Derivatives: Solving F'(x) = [2f(x)+g(x)]' Problem

[Fredrik]

The first time I can remember being puzzled by this notation conundrum was when I was taking an undergrad course in quantum mechanics. The function $\Psi$ was being introduced and the professor wrote things like this on the board,

$\Psi=\Psi(x)$,

while saying "Psi is a function of x."

My teacher for the introductory courses on classical mechanics did the same thing.

It wasn't until years later that a professor in a graduate math class explained to me the subtleties of that abomination.

I actually tried to use it on a math exam. The professor dismissed it by saying that you can't write down an equality where one side is a function and the other isn't. I tried to explain what I was doing there, but he wasn't even interested in hearing it. I had to figure it out on my own after that. I have always been careful with the notation and the terminology since then.

At the time, though, it was for me just another layer of confusion, piled on top of the other conceptual difficulties associated with quantum mechanics and the meaning of $\Psi$.

Now, as an instructor, I avoid that usage sedulously.
[...]
Things like this can be a source of confusion for students, and even though the confusion can be easily cleared up it instead stays buried in the student's mind because the confusion itself cannot be articulated by the student.

Yes, that's what I'm thinking too. Thanks for posting.

 

[Mark44]

The first time I can remember being puzzled by this notation conundrum was when I was taking an undergrad course in quantum mechanics. The function $\Psi$ was being introduced and the professor wrote things like this on the board,

$\Psi=\Psi(x)$,

while saying "Psi is a function of x."

It wasn't until years later that a professor in a graduate math class explained to me the subtleties of that abomination. At the time, though, it was for me just another layer of confusion, piled on top of the other conceptual difficulties associated with quantum mechanics and the meaning of $\Psi$.

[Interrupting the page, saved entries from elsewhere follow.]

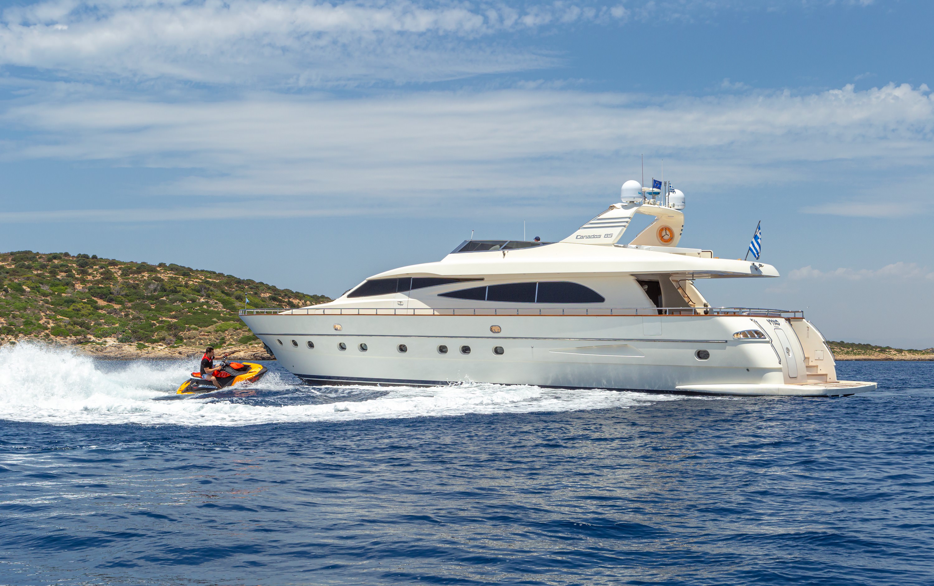 The yacht was built in 2003 by Canados and refitted in 2019, offering beautiful modern classic interiors with accommodation for up to 10 charter guests in 4 cabins.
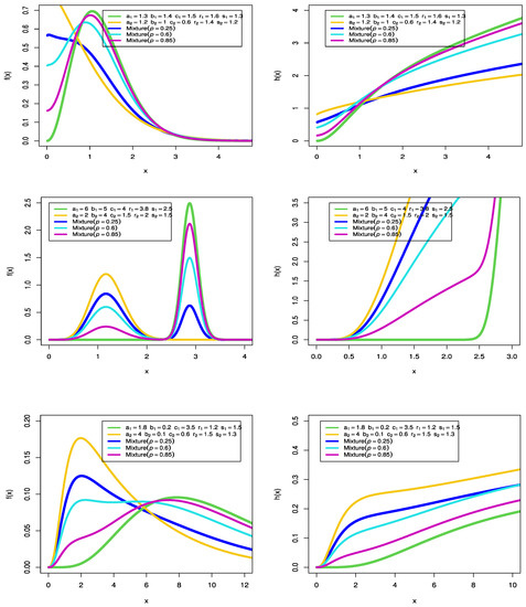 The density in Equation (1) is flexible in the sense that one can obtain different shapes of hazard rate function (hrf) of the mixture model, which is given by
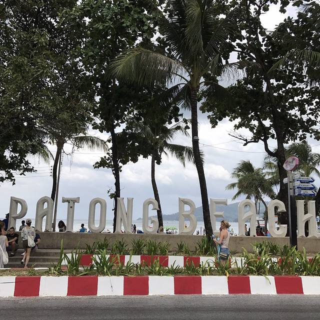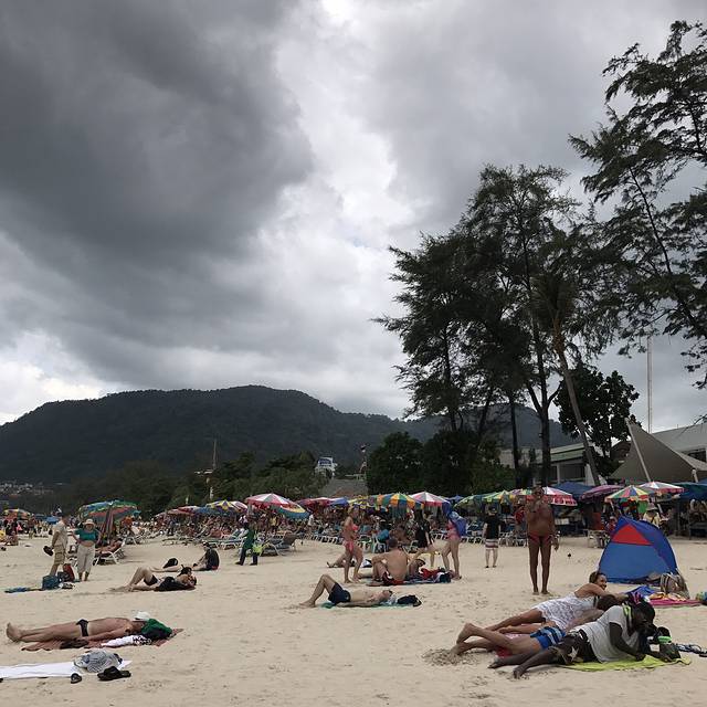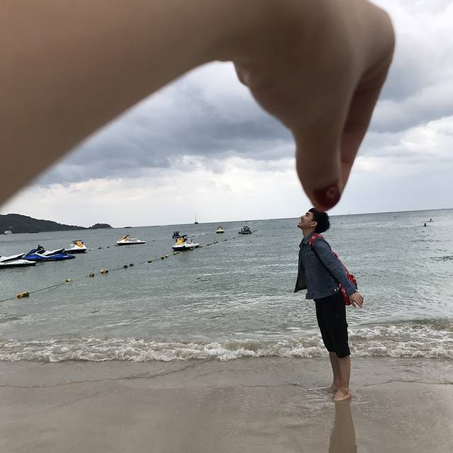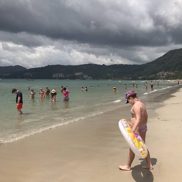 天气阴阴的,沙滩上却满是享受日光浴的歪果仁,还时不时有人过来推荐水上项目,我俩就在沙滩上踏踏浪玩玩水,芭东海滩的水还算清,但是跟之后的斯米兰根本没法比,如果没有去其他海岛的行程,还是蛮推荐来这里耍耍的
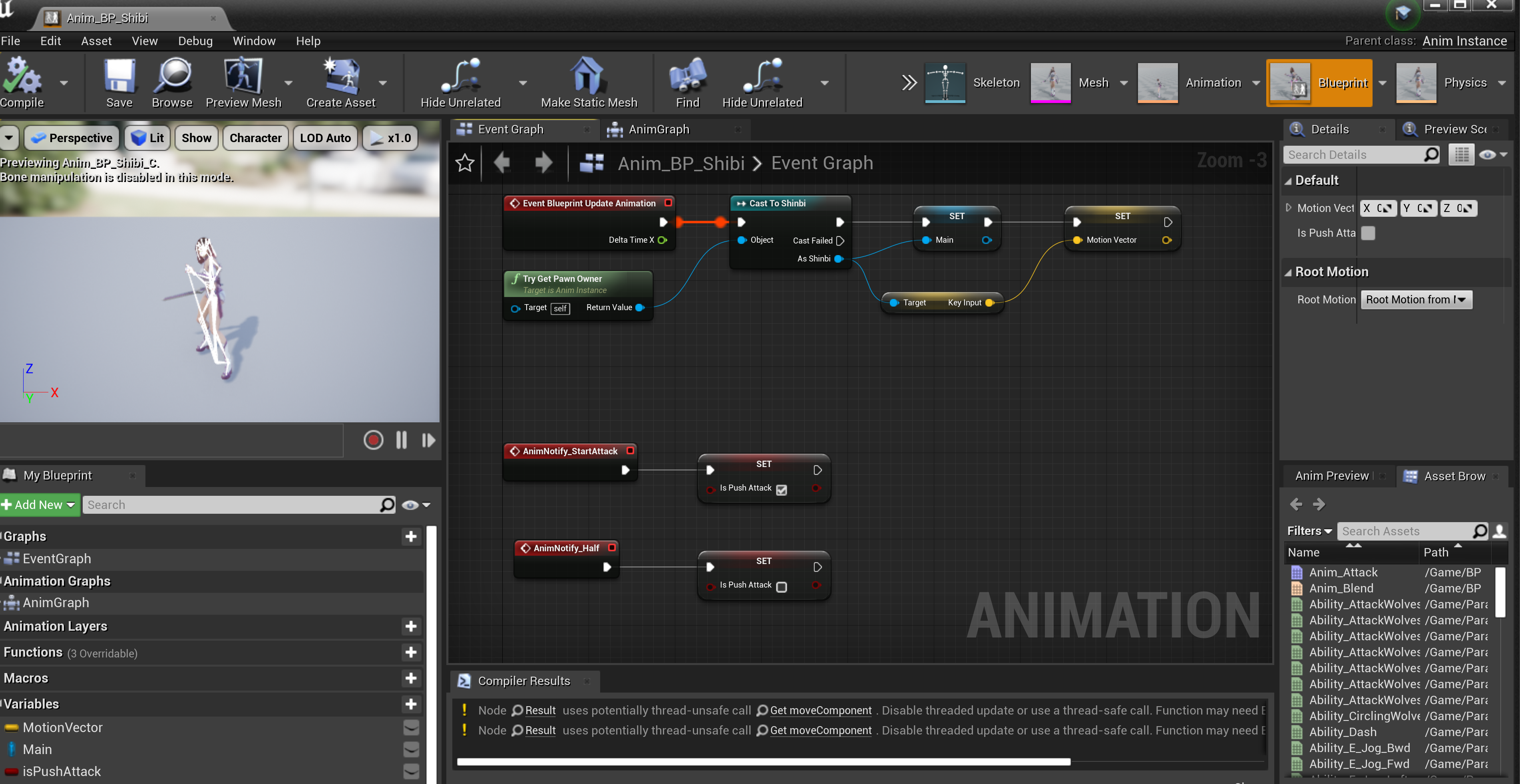 1 // Fill out your copyright notice in the Description page of Project Settings. 2 3 #pragma once 4 5 #include "CoreMinimal.h" 6 #include "GameFramework/Character.h" 7 #include "GameFramework/CharacterMovementComponent.h" 8 #include "Components/CapsuleComponent.h" 9 #include "AbilitySystemInterface.h" 10 #include "AbilitySystemComponent.h" 11 #include "Abilities/GameplayAbility.h" 12 #include "GameplayAbilities/Public/GameplayAbilitySpec.h" 13 #include "Shinbi.generated.h" 14 15 UCLASS() 16 class SHIBI_API AShinbi : public ACharacter,public IAbilitySystemInterface 17 { 18 GENERATED_BODY() 19 20 public: 21 // Sets default values for this character's properties 22 AShinbi(); 23 24 protected: 25 // Called when the game starts or when spawned 26 virtual void BeginPlay() override; 27 28 public: 29 // Called every frame 30 virtual void Tick(float DeltaTime) override; 31 32 // Called to bind functionality to input 33 virtual void SetupPlayerInputComponent(class UInputComponent* PlayerInputComponent) override; 34 35 UPROPERTY(EditAnywhere,BlueprintReadWrite,Category="Shinbi | Properties") 36 float LookRate; 37 UPROPERTY(EditAnywhere, BlueprintReadWrite, Category = "Shinbi | Properties") 38 float LookUpRate; 39 40 UPROPERTY(EditAnywhere, BlueprintReadWrite, Category = "Shinbi | Properties") 41 float MoveSpeed; 42 43 UPROPERTY(EditAnywhere, BlueprintReadWrite, Category = "Shinbi | Properties") 44 FRotator mouseInput; 45 46 UPROPERTY(EditAnywhere, BlueprintReadWrite, Category = "Shinbi | Properties") 47 FVector keyInput; 48 49 UPROPERTY(EditAnywhere, BlueprintReadWrite, Category = "Shinbi | Properties") 50 class UCharacterMovementComponent* moveComponent; 51 52 public: 53 UPROPERTY(VisibleAnywhere, BlueprintReadWrite, Category = "Shinbi | Camera") 54 class USkeletalMeshComponent* shibiSkeletal; 55 56 UPROPERTY(VisibleAnywhere,BlueprintReadWrite, Category = "Shinbi | Camera") 57 class UCameraComponent* cameras; 58 59 UPROPERTY(VisibleAnywhere, BlueprintReadWrite, Category = "Shinbi | Camera") 60 class USpringArmComponent* springArm; 61 62 UPROPERTY(VisibleAnywhere, BlueprintReadWrite, Category = "Shinbi | Animation") 63 UAnimMontage* montageAttack; 64 65 UPROPERTY(VisibleAnywhere, BlueprintReadWrite, Category = "Shinbi | AbilitiesComponent") 66 class UAbilitySystemComponent* AbilityComp; 67 68 virtual UAbilitySystemComponent* GetAbilitySystemComponent() const; 69 70 UFUNCTION(BlueprintCallable, Category = "Shinbi | UGameplayAbilities") 71 void AquireAbility(TSubclassOf<UGameplayAbility> listAblities); 72 73 void moveForward(float value); 74 void moveLeft(float value); 75 void lookUp(float value); 76 void lookRight(float value); 77 void Jump(); 78 void Attack(); 79 };
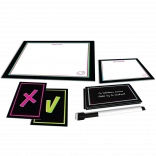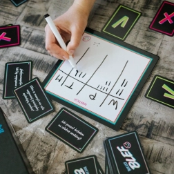 - 312 kartic z vprašanji, 24 kartic za glasovanje, tabla za zapisovanje odgovorov, tabla za vodenje rezultata, suhi flomaster, navodila
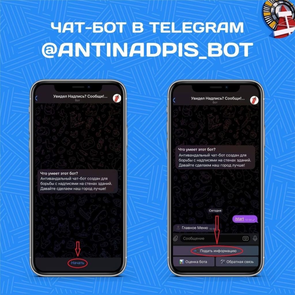 Ноябряне могут сообщить об этом в администрацию города при помощи чат-бота в Telegram. Он разработан сотрудниками отдела по вопросам общественной безопасности совместно с представителями «Киберщита» специально для того, чтобы бороться с надписями на зданиях.
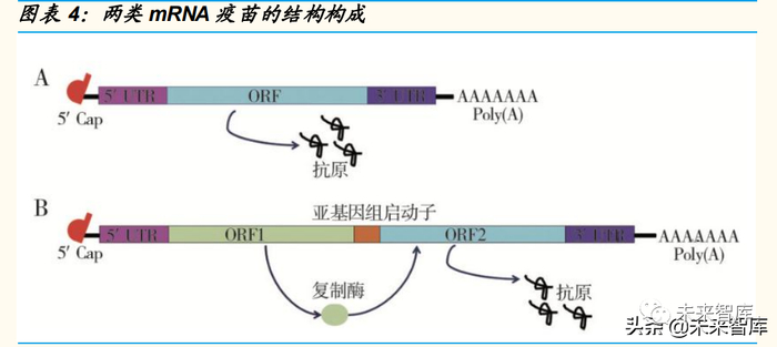 2)非复制型 mRNA 疫苗(NRM):优势在于结构简单,mRNA 体积小, 对插入开放阅读框(ORF)中目标抗原转录本的大小限制更少。目前,非 复制 mRNA 疫苗的研发进展较快,已有多个品种处于临床试验中;而自扩 增 mRNA 疫苗尚未在临床研究中进行验证。
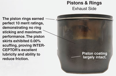 INTERCEPTOR naturally resists harmful deposits due to its thermally stable synthetic formulation. It is additionally fortified with high-temperature detergency and dispersancy additives that provide excellent engine cleanliness. In extreme dynamometer testing, INTERCEPTOR completely prevented piston ring and exhaust power valve sticking for maximum performance. It also limited piston, combustion chamber and spark plug deposits for reliable operation.

Now, as an instructor, I avoid that usage sedulously. We see it used in introductory physics textbooks, particularly the calculus-based variety, in cases like the treatment of simple harmonic motion.

So it would seem that Fredrik's and your purpose in life is to get all of the authors of physics textbooks to stop using this notation? Good luck with that. I am less concerned about an abuse of notation than I am about being able to communicate an idea. Above, the dependent variable $\Psi$ is some function of x. Perhaps it would be better to write $\Psi = f(x)$, but as long as the idea of connectedness between $\Psi$ and x is communicated, I'm OK with the notation.

I do agree, though, that it would be awful if math texts wrote something like "Let f = f(x) = 2x + 3".

The position is x and to make clear that it's a function of the time t the author will write

$x(t)=A \cos(\omega t + \phi)$.

Is there any evidence that this actually causes confusion?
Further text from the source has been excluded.